O endereçado do recado, em suas andanças pastorais pela paróquia, ficou sabendo da história do pequeno empreiteiro, irmão da fé em um mesmo cristo, mas separados pelas agremiações. Fez-se convidado para um cafezinho, em sua casa, onde, o agora crente, por hora assentava mais tempo que na anterior. Fez-se apresentar como servo do senhor e em resposta “um deus me livre” de boas-vindas. Naquele dia a servo se portou como servo. Ouviu detido e moroso, o que a seu ver, tratava-se de um terrível mal-entendido. Ouviu maus bocados da igreja e do clero romano, do comportamento dos fiéis e etecetera e tal.

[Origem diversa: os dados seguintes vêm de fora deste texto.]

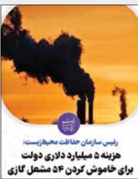
رئیس سازمان حفاظت محیط زیست: هزینه ۵ میلیارد دلاری دولت برای خاموش کردن ۵۴ مشعل گازی

پایگاه اطلاع‌رسانی دولت به نقل از معاون رئیس جمهور و رئیس سازمان حفاظت محیط زیست نوشت: در فضای مجازی، نوشت: رویکرد دولت سیزدهم به سمت کاهش مازوت‌سوزی است که در این زمینه هم از لحاظ زمان و هم حجم مازوت در حال حرکت به جلو و برنامه‌ریزی هستیم. دولت مردمی تنها دولتی است که تا الان نه خاموشی داشته و نه در فصول مختلف سال مردم را لحاظ گرما و سرما با مشکل مواجه شدند، بعضی اوقات حتماً گزینه‌هایی که مورد استفاده قرار می‌گیرد باید به گزینه انتهایی که استفاده از مازوت است برسد و گاهی این اتفاق می‌افتد، زمانی که شورای عالی امنیت ملی موضوعی را تکلیف می‌کند، ما هم از لحاظ قانونی مکلفیم که به آن عمل کنیم اما با توجه به رویکردی که وزارت نفت در زمینه بهینه‌سازی و کفیی‌سازی سوخت دارد، کم‌کم شاهد از سپید خارج شدن سوخت‌های آلاینده خواهیم بود. از وزارت نفت برای ۵ میلیارد دلاری که تاکنون برای خاموش کردن مشعل‌های گازی هزینه کرده تشکر می‌کنیم و امیدواریم این رویکرد بویژه در استان‌های غرب کارون ادامه پیدا کند تا شاهد از بین رفتن مشکلات محیط زیستی ناشی از سوختن مشعل‌های گازی در آن مناطق نباشیم.

Ficou grato pela acolhida, elogiou o café e ficou na expectativa de uma nova xícara daquelas, em outro dia. A nova patroa fez as honras da casa, mas não se sentou junto à mesa. Sabia do passado pregresso do consorte e achou melhor não se intrometer, por enquanto.

Em nova visita o servo mostrou suas aptidões pastorais. Fez o serviço catequético a muito esquecido pelo irmão, relembrando-o das páginas coladas do seu catecismo. Com esta força de argumentos o irmão balançou. Reconheceu a conveniente revolta para com o clero romano. Se mostrou mais amistoso, mas havia uma situação contraditória em casa. Como bom crente buscava valorizar sua fé, mas estava diante de um impasse.

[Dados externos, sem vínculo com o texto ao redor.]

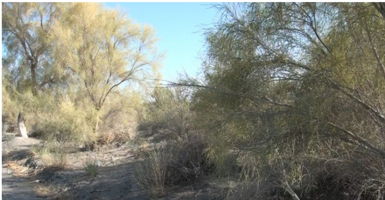
Рис. 5. Фитомелиоративные саксаульники

черного саксаула пригодны для производства уксусной кислоты и метилового спирта. Оба вида саксаула в зимнее время используются в качестве корма для верблюдов и овец. Широко применяется при закреплении подвижных песков. Во время наблюдений в Юго-Восточной части Каракумов мы увидели множество фитомелиоративных саксаульников (рис. 5).
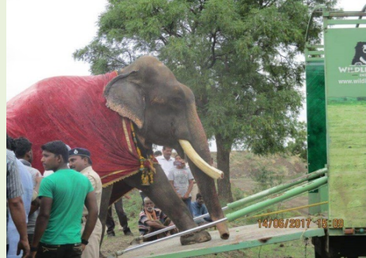
上圖：Gajraj 被鍊乞討受虐 51 年
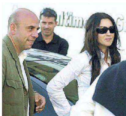
Virzì in piazza Bovio con Monica Bellucci e, a destra, il regista sul set di Marina

O servo o deixou à vontade e torcia pela prevalência da vontade de deus, ou seja, a sua reconversão, se assim achasse melhor. As portas do templo estariam abertas. Recebeu como contrapartida a intenção de “abrir o jogo com a patroa”, de rever seus antigos conceitos e reconsiderá-los caso não causasse discórdia.

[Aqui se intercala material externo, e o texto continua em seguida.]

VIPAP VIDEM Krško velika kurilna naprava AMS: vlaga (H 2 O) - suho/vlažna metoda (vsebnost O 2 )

Na próxima visita já fora convidado para a mesa do senhor. Reconciliou-se com o cristo e comungou. O tempo foi impiedoso nos acontecimentos. Quando menos esperava o servo estava lendo o recado. Encaminhou-se de missal e estola roxa ao local indicado. Logo na entrada esbarrou, em contra corrente, com alguém com a bíblia em mãos.

– Chegou tarde! Lhe dirigiu a palavra o de bíblia em mãos. O corpo já foi encomendado.

– A paz irmão, disse o servo antes de querer entender o atraso. Deus nunca se atrasa e em um momento como este qualquer apoio aos entes que ficam é compensador. O finado foi católico e em verdade não estava em pleno exercício dessa fé. Vim recomendá-lo ao altíssimo.

– Desnecessário!

– Se não for da vontade do finado é um dever da igreja. Na parábola do filho pródigo Deus mostra como nos ama, apesar de nossos erros e desencontros. Deus está sempre pronto a perdoar quem se arrepende e ficar feliz quando Seus filhos voltam para Ele.